(Items listed in a dataset)
------------------------------------------------------------
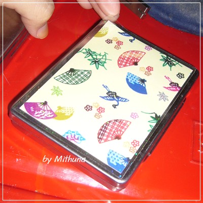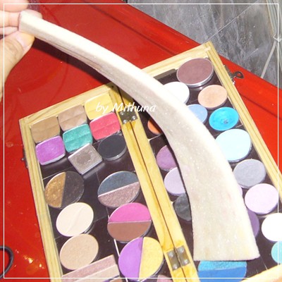- กล่องอะไรก็ได้ ขอให้เป็นกล่องแบนๆ ตัวกล่องแข็งแรง (เวลาใส่อายแชโดว์จะได้ไม่เสียหาย) หรือกล่องดินสอเหล็กแบบที่เด็กๆ ใช้ใส่ดินสอก็ได้เหมือนกัน
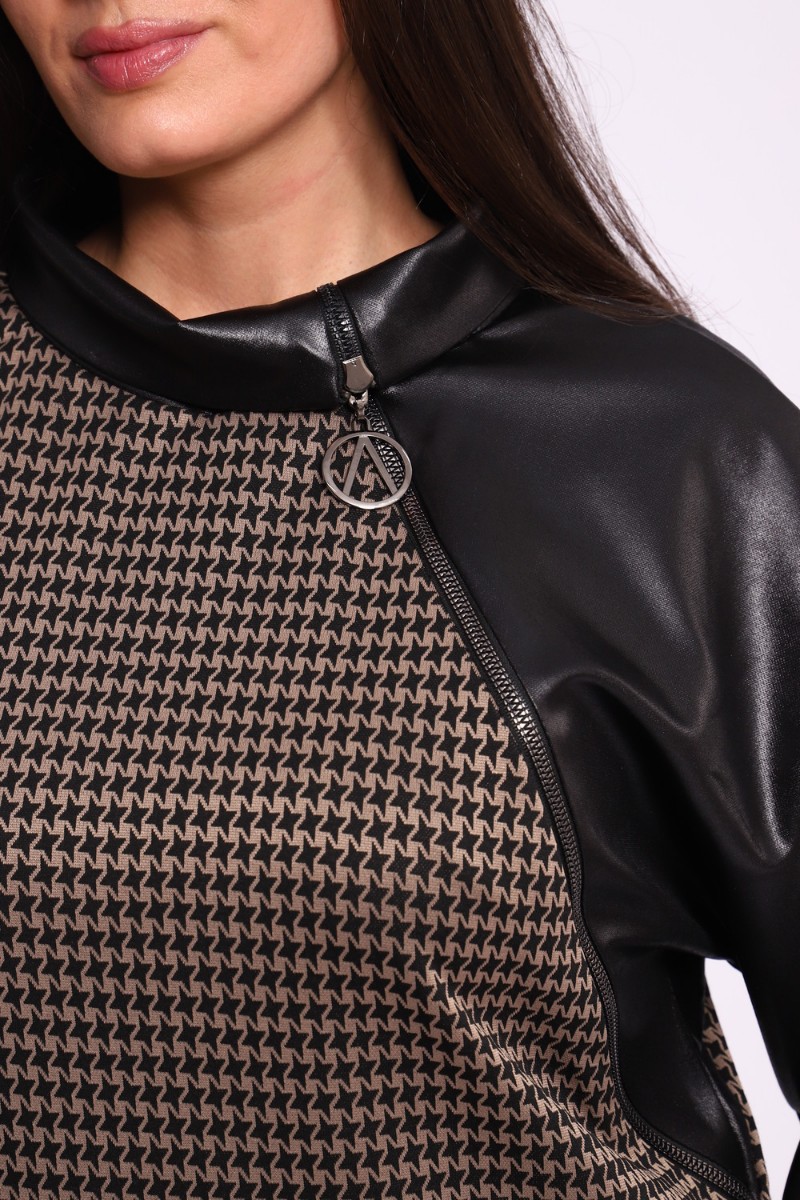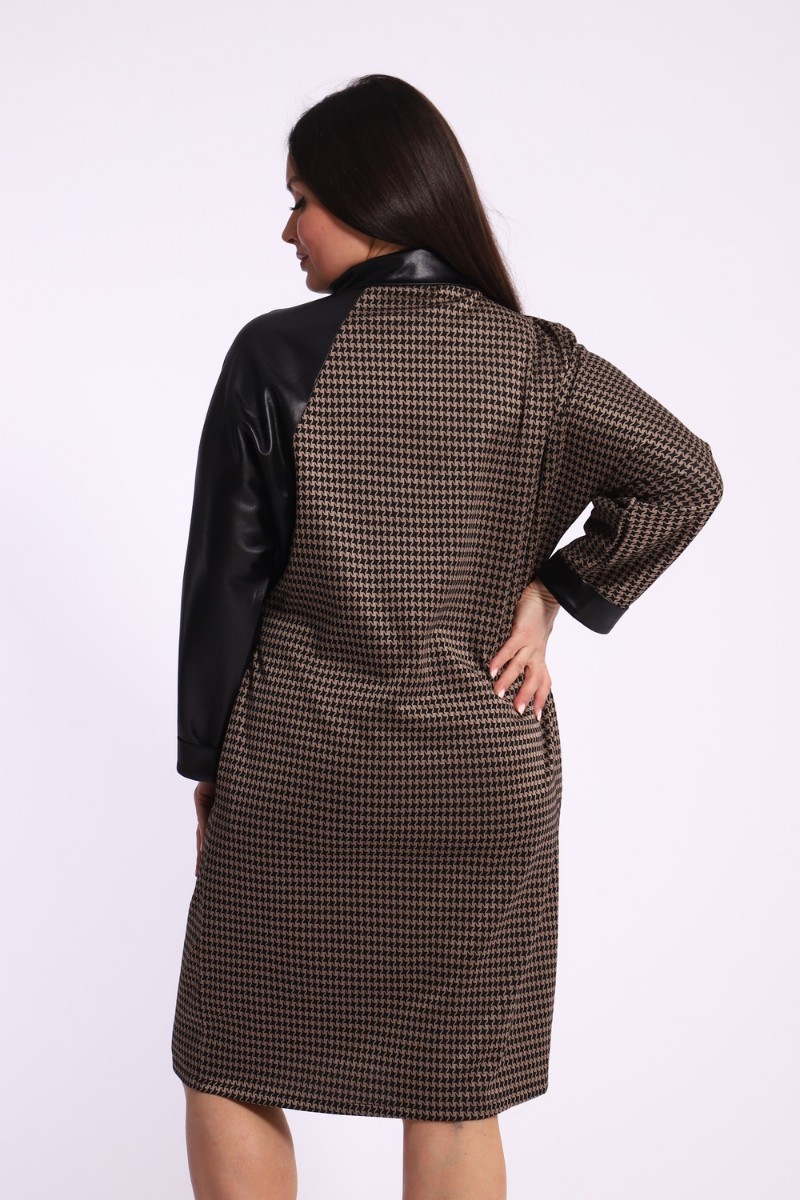 Представляем Вашему вниманию женское платье со спущенным рукавом и модным принтом "гусиные лапки". Это платье станет вашей надежной основой для создания элегантного и современного образа. Его уникальный дизайн прекрасно сочетается с отделкой из качественной эко-кожи, добавляя нотки роскоши и утонченности.
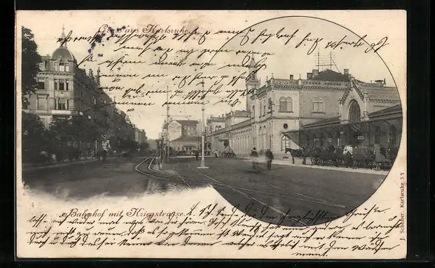 AK Karlsruhe, Bahnhof mit Kriegstrasse
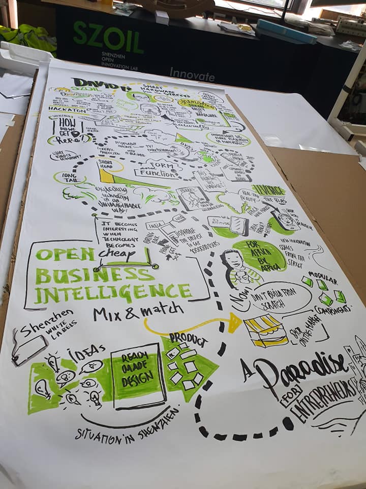 심천 오픈 이노베이션 랩에 시간에 맞추어 도착하니 스태프가 기다리고 있다가 반갑게 맞이 해 주었다. 씨드 스튜디오와는 심천의 반대편에 있는 곳으로 이곳은 심천의 첫번째 메이커스페이스가 만들어진 곳이라고 했다. 팹랩 인증을 받아서 차려진 공간으로 뉴욕에 있는 메이커스페이스와 별반 달라보이지 않았다. 10명의 직원이 상주하고 있고, 대학 교육 및 스타트업 교육 등을 수행하고 있으며 유료 멤버쉽으로 운영되고 있다고 한다. 팹랩의 기계 대부분은 미국에서 수입된 것으로 이유를 물어 보았더니 맨처음 팹랩 스탠다드 가이드에 맞추느라 그리 했다고 한다. 영어로 쓰여진 일러스트가 있길래 누가 그린 것인지 물어보았더니 이곳 지역에 있는 외국인이 랩을 이용하면서 그린 것이라고 했다. 깔끔히 정리된 공간이 아닌, 지저분한 다소 정리가 안된 메이커스페이스 인걸 보면 이용하는 사람들이 꽤 있는듯 해 보였다. 그러나 역시 안전문제 등으로 정리는 필요해 보였다. 뉴욕 SVA 대학의 팹랩과 비교해 보면 안전 문제에 대해서 덜 민감한것 같았다. 멤버십제로 운영되고 있으며, 대신 SIDA 지원을 상당히 받고 있는것 같아 보였다. 프로토타입을 만들기 위한 교육과정을 대학들과 운영하거나 메이커 해커톤을 개최한다고 설명하였다.
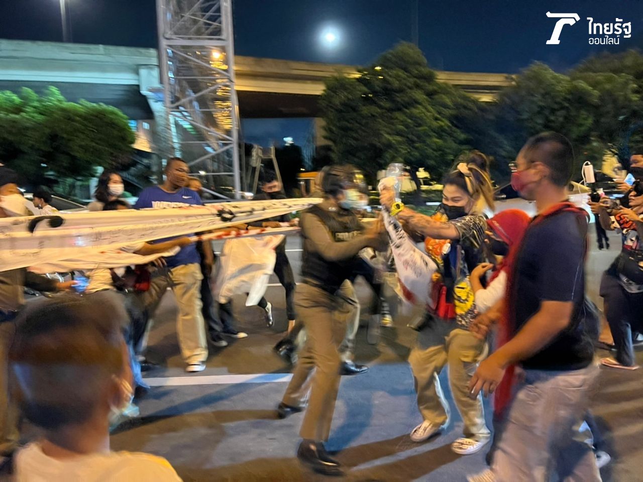 วันที่ 14 มิ.ย. 65 ที่บริเวณแยกใต้ทางด่วนดินแดง เมื่อเวลา 20.10 น. ผู้สื่อข่าวรายงานว่า เกิดเหตุชุลมุนระหว่างกลุ่มผู้ชุมนุมที่ถือป้ายผ้า ขณะเดินขบวนมุ่งหน้าไปบ้านพัก พล.อ.ประยุทธ์ จันทร์โอชา นายกรัฐมนตรีและรมว.กลาโหม ก่อนที่จะมีเจ้าหน้าที่ตำรวจควบคุมฝูงชน (คฝ.) ตั้งแนว และพยายามผลักดันกลุ่มผู้ชุมนุมที่กำลังเคลื่อนขบวน เพื่อให้กลับไปที่บริเวณสามเหลี่ยมดินแดง โดยไม่ให้กีดขวางการจราจร ทั้งนี้มีการยื้อแย่งป้ายผ้ากันระหว่างตำรวจ จนเกิดการปะทะและล้มระเนระนาด
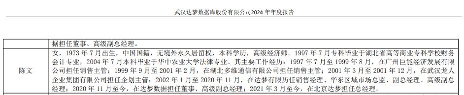 公司2024年报显示,陈文,女,1973年7月出生,本科学历,高级经济师。1997年7月专科毕业于湖北省高等商业专科学校财务会计专业,2004年7月本科毕业于华中农业大学法律专业。2002年1月至2020年11月,在达梦有限历任销售经理、华东区域市场总监、副总经理、高级副总经理;2020年11月至今,在达梦数据担任董事、高级副总经理;2021年3月至今,在北京达梦担任总经理。
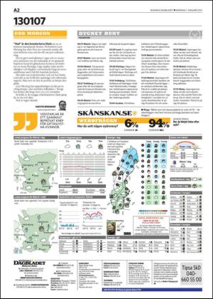 Skånska Dagbladet Malmö & Lund 1/7/13 page 2 is a page in the edition Skånska Dagbladet Malmö & Lund 2013-01-07. The PDF file of the page is 0.00 kB. The previous page in this edition is Skånska Dagbladet Malmö & Lund 2013-01-07 sida 1 . The next page in this edition is Skånska Dagbladet Malmö & Lund 2013-01-07 sida 3. The first and last page of this edition in the archive are respectively Skånska Dagbladet Malmö & Lund 2013-01-07 sida 1 and Skånska Dagbladet Malmö & Lund 2013-01-07 sida 20 .
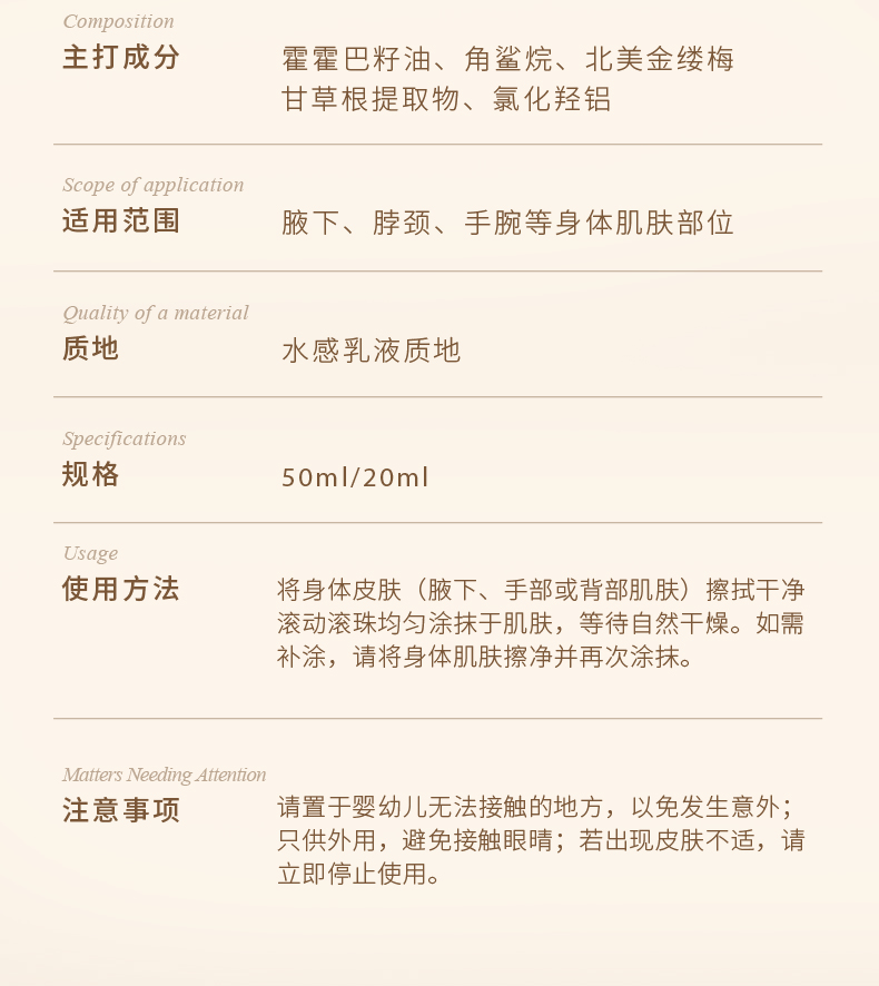 【现货速发】DearIrean 独特艾琳香体露女腋下干爽滚珠止汗露留香水走珠液50ml
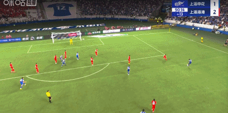 第54分钟,申花开出角球在海港禁区内制造混乱,陈晋一门前补射破门!申花扳回一分!
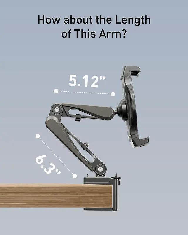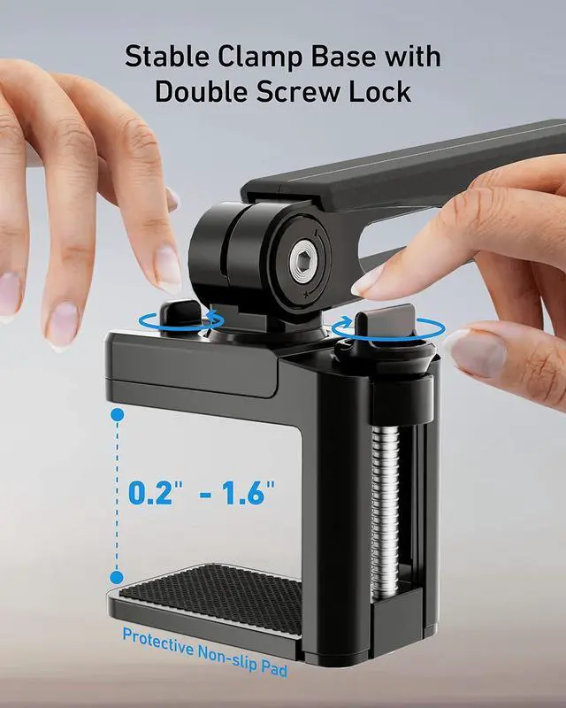 Secure: This iPad Stand features a strong clamp mount and durable materials for safe and stable device support. The reinforced base fits the countertop/headboard thickness between 0.2 to 1.6 (5 - 40 mm)Ergonomic
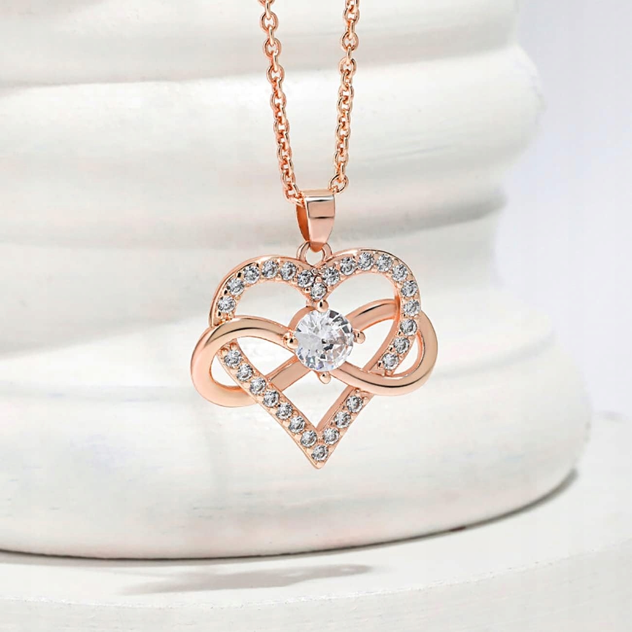 ❤️Нескінченне серце,Це намисто з рожевого золота розроблено з нескінченним кулоном у вигляді серця, що символізує обітницю кохання, вічності , вірності та віри в кохання.
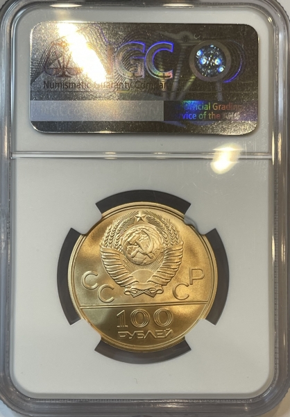 Золотая монета 100 рублей "Спортивный зал Дружба" Олимпиада 80, 1979г., в слабе NGC MS 68
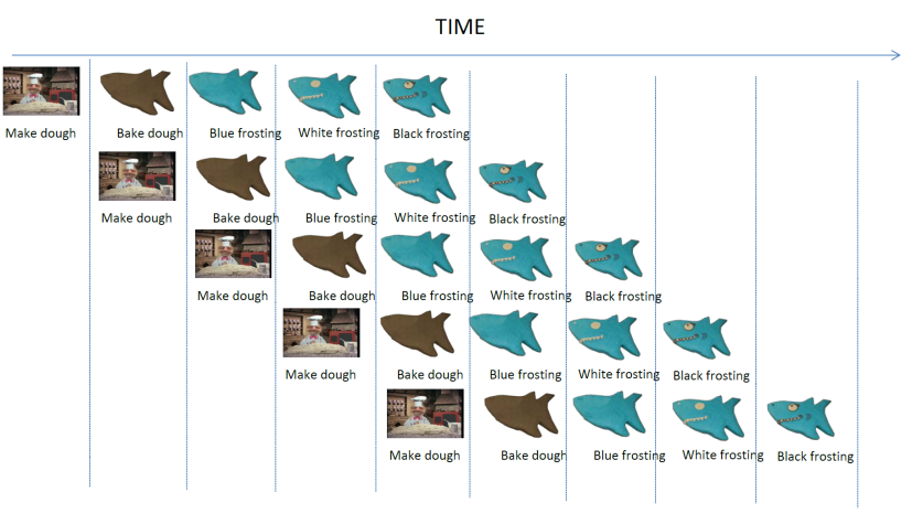 pipeline now proceeds in stages each taking the same amount of time as baking
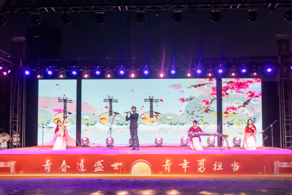 夜幕降临,灯火初上,星辰同光,晚会在热切的期盼和热烈的掌声中拉开帷幕。整场晚会以“成长”“挺膺”“担当”三个主题篇章贯通串联,通过歌曲、舞蹈、乐队演奏、器乐演奏等多种表现形式,将传统经典、现代律动、风华国乐相融合,师生们尽情展现,青春放歌,唱响新时代青年的初心如磐,舞动泱泱中国的民族自豪。跳动的音符、优美的韵律、华丽的舞蹈带来了时空的穿越,为现场观众带来一场美轮美奂的视听盛宴。
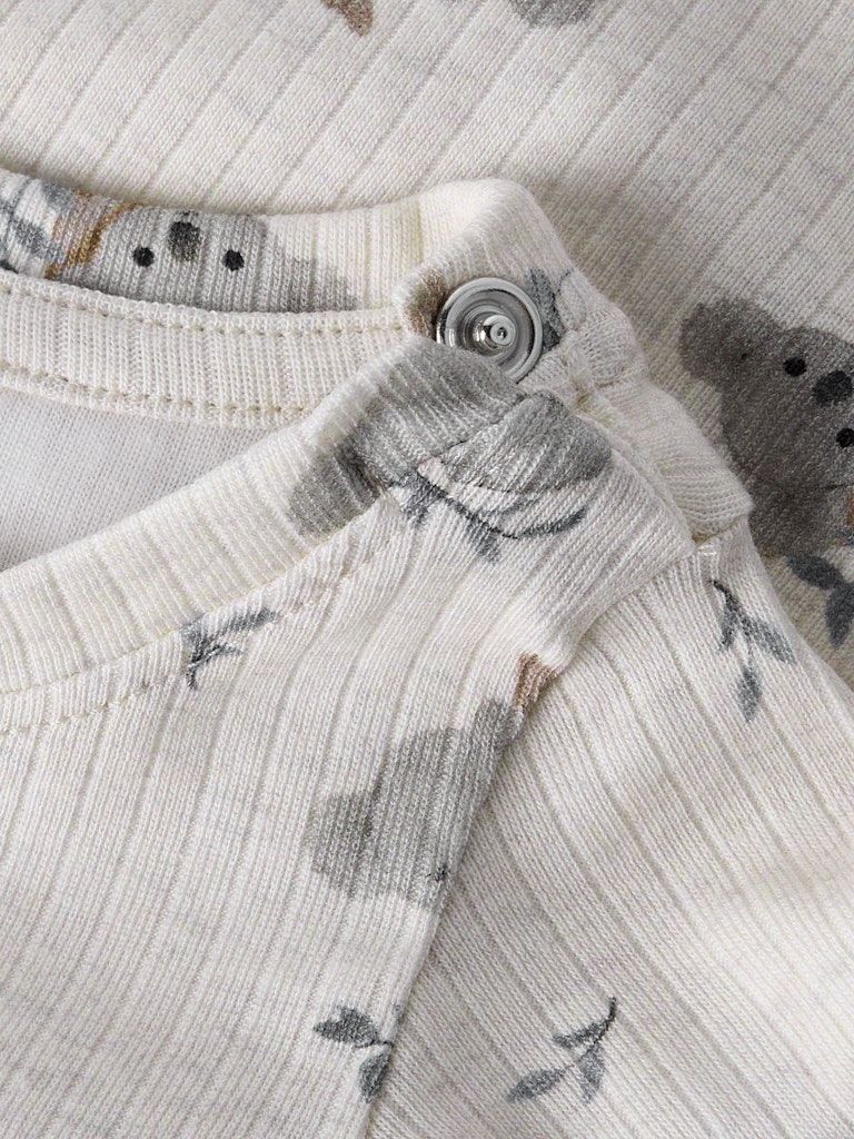 Der gerippte Strick mit feinem Längsstreifenmuster bietet eine angenehme Elastizität und sorgt für ein weiches, anschmiegsames Tragegefühl. Das Hauptmaterial besteht zu mindestens 50 % aus Bio-Baumwolle und ist besonders hautfreundlich. Der Allover-Print verleiht dem Body eine moderne, kindgerechte Optik.
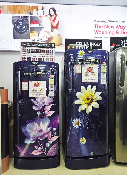 먼저 눈에 띈 제품은 꽃무늬 디자인이 적용된 냉장고였다. LG전자는 인도 소비자가 꽃무늬 패턴을 좋아한다는 점에 착안에 제품 전체를 화려한 꽃 이미지로 장식한 싱글도어 냉장고를 출시해 흥행몰이에 성공했다.
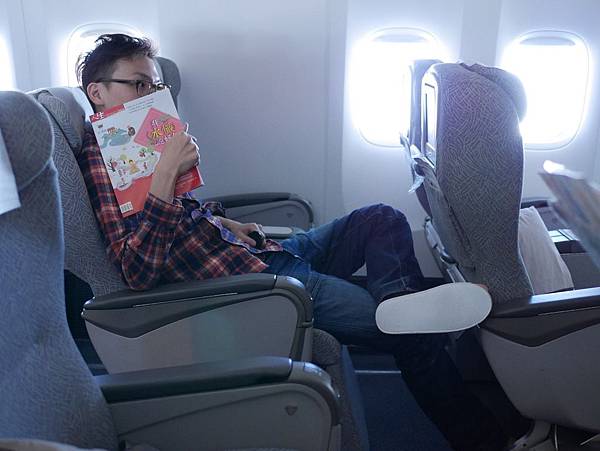 高中時跟著爹地去巴黎,(多了一個人花費),害他犧牲商務艙的舒適,跟我一起搭長榮客艙,基本上Premium Economy class也是長榮發明的,更舒適的位置+沒升等的食物在中外獲得了好評,因為空蕩蕩也就不客氣的試坐跟拍幾張照,位置還算寬敞,我的身高超過了180,還是伸縮自如可以翹二郎腿(下圖)。
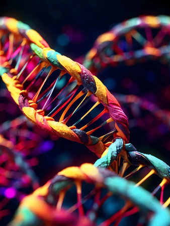 This vibrant close-up image of a DNA helix showcases intricate details and unique structures, highlighting the beauty of molecular biology and genetics.
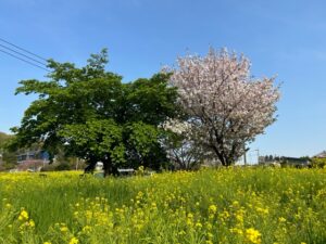 うまい具合に時期を合わせられると、黄色の菜の花にピンクの桜が
------------------------------------------------------------
TASK: The result should be an exact copy of only the lines above from the one that holds "AK Karlsruhe, Bahnhof mit Kriegstrasse" through the one that holds "公司2024年报显示,陈文,女,1973", both ends included, without pictures.

TASK OUTPUT:
 AK Karlsruhe, Bahnhof mit Kriegstrasse
 심천 오픈 이노베이션 랩에 시간에 맞추어 도착하니 스태프가 기다리고 있다가 반갑게 맞이 해 주었다. 씨드 스튜디오와는 심천의 반대편에 있는 곳으로 이곳은 심천의 첫번째 메이커스페이스가 만들어진 곳이라고 했다. 팹랩 인증을 받아서 차려진 공간으로 뉴욕에 있는 메이커스페이스와 별반 달라보이지 않았다. 10명의 직원이 상주하고 있고, 대학 교육 및 스타트업 교육 등을 수행하고 있으며 유료 멤버쉽으로 운영되고 있다고 한다. 팹랩의 기계 대부분은 미국에서 수입된 것으로 이유를 물어 보았더니 맨처음 팹랩 스탠다드 가이드에 맞추느라 그리 했다고 한다. 영어로 쓰여진 일러스트가 있길래 누가 그린 것인지 물어보았더니 이곳 지역에 있는 외국인이 랩을 이용하면서 그린 것이라고 했다. 깔끔히 정리된 공간이 아닌, 지저분한 다소 정리가 안된 메이커스페이스 인걸 보면 이용하는 사람들이 꽤 있는듯 해 보였다. 그러나 역시 안전문제 등으로 정리는 필요해 보였다. 뉴욕 SVA 대학의 팹랩과 비교해 보면 안전 문제에 대해서 덜 민감한것 같았다. 멤버십제로 운영되고 있으며, 대신 SIDA 지원을 상당히 받고 있는것 같아 보였다. 프로토타입을 만들기 위한 교육과정을 대학들과 운영하거나 메이커 해커톤을 개최한다고 설명하였다.
 วันที่ 14 มิ.ย. 65 ที่บริเวณแยกใต้ทางด่วนดินแดง เมื่อเวลา 20.10 น. ผู้สื่อข่าวรายงานว่า เกิดเหตุชุลมุนระหว่างกลุ่มผู้ชุมนุมที่ถือป้ายผ้า ขณะเดินขบวนมุ่งหน้าไปบ้านพัก พล.อ.ประยุทธ์ จันทร์โอชา นายกรัฐมนตรีและรมว.กลาโหม ก่อนที่จะมีเจ้าหน้าที่ตำรวจควบคุมฝูงชน (คฝ.) ตั้งแนว และพยายามผลักดันกลุ่มผู้ชุมนุมที่กำลังเคลื่อนขบวน เพื่อให้กลับไปที่บริเวณสามเหลี่ยมดินแดง โดยไม่ให้กีดขวางการจราจร ทั้งนี้มีการยื้อแย่งป้ายผ้ากันระหว่างตำรวจ จนเกิดการปะทะและล้มระเนระนาด
 公司2024年报显示,陈文,女,1973年7月出生,本科学历,高级经济师。1997年7月专科毕业于湖北省高等商业专科学校财务会计专业,2004年7月本科毕业于华中农业大学法律专业。2002年1月至2020年11月,在达梦有限历任销售经理、华东区域市场总监、副总经理、高级副总经理;2020年11月至今,在达梦数据担任董事、高级副总经理;2021年3月至今,在北京达梦担任总经理。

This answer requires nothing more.